(Problem statement):
Copy the data below exactly, omitting any picture it contains.

(Data block):
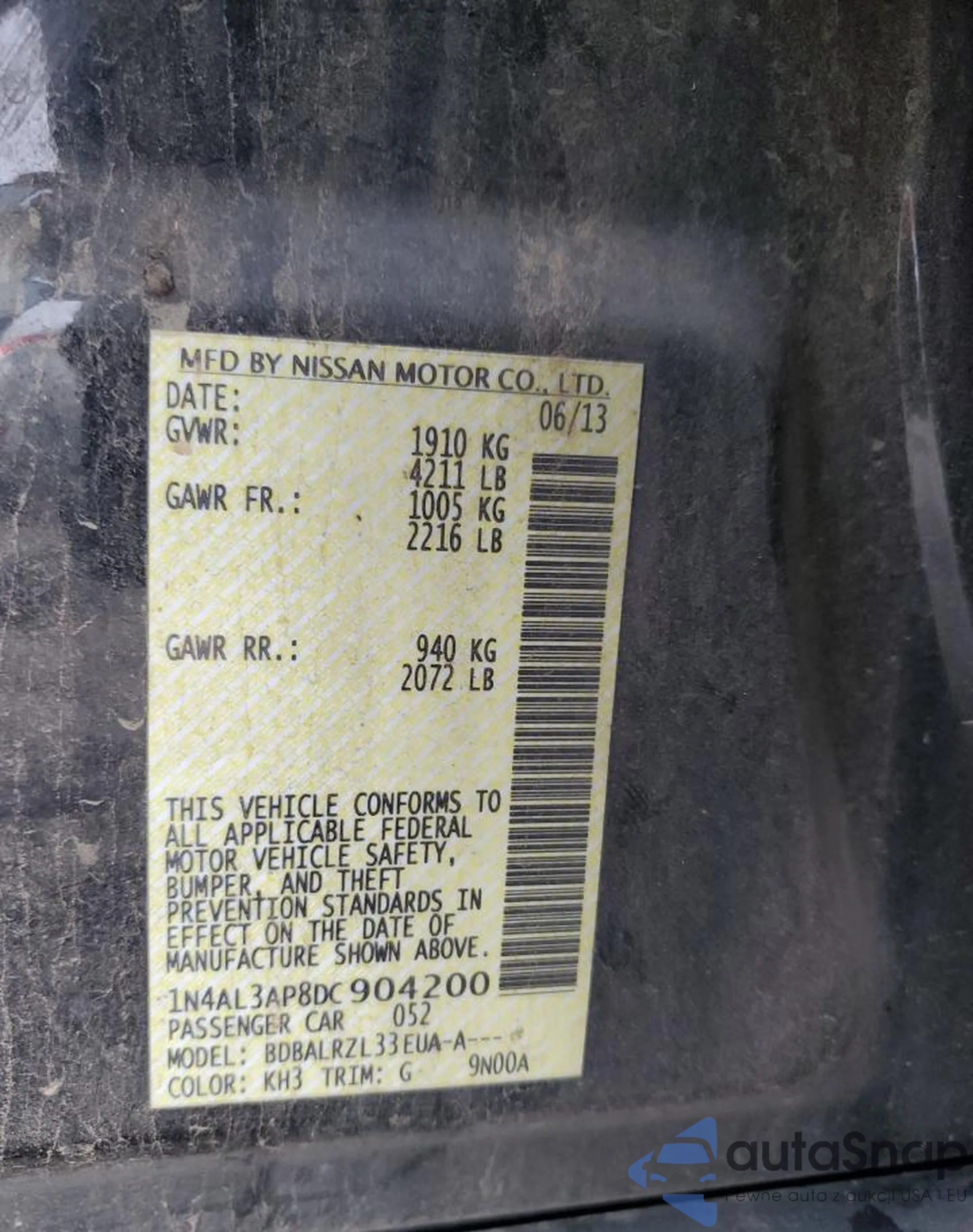 • VIN 1N4BL4BV7KC155927
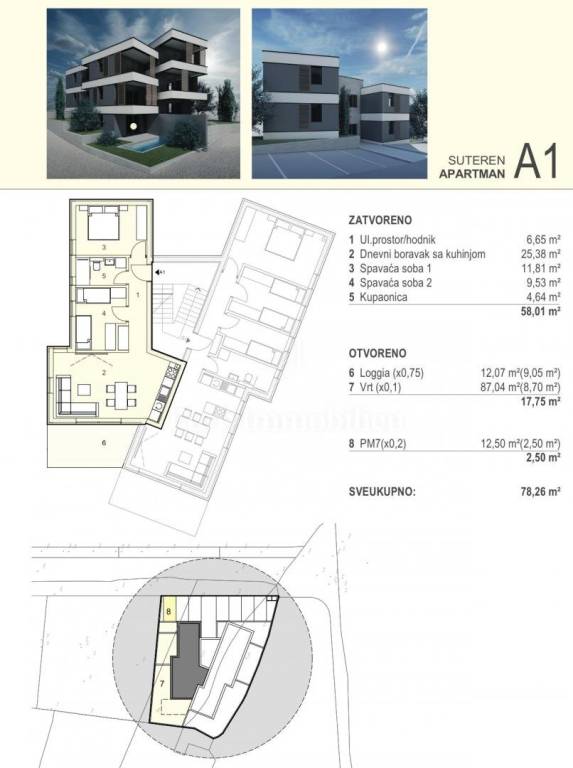 SUTEREN - A1 (ulazni prostor / hodnik, dnevni boravak + kuhinja, dvije spavaće sobe, kupaonica, lođa, vrt, parkirno mjesto) - 78,26 m² - 273.910 EUR
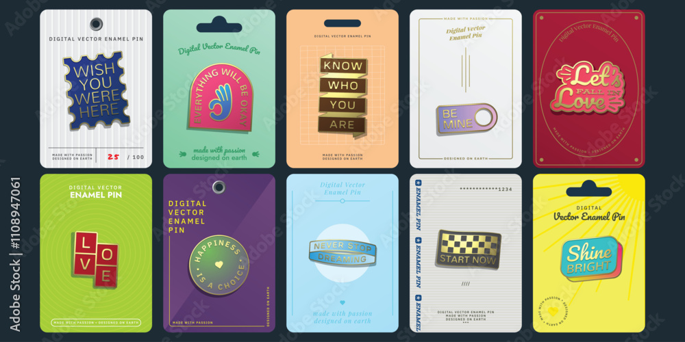Tableau sur toile Collection of Digital Vector Enamel Pin Card Template

(Result for this task):
 • VIN 1N4BL4BV7KC155927
 SUTEREN - A1 (ulazni prostor / hodnik, dnevni boravak + kuhinja, dvije spavaće sobe, kupaonica, lođa, vrt, parkirno mjesto) - 78,26 m² - 273.910 EUR
Tableau sur toile Collection of Digital Vector Enamel Pin Card Template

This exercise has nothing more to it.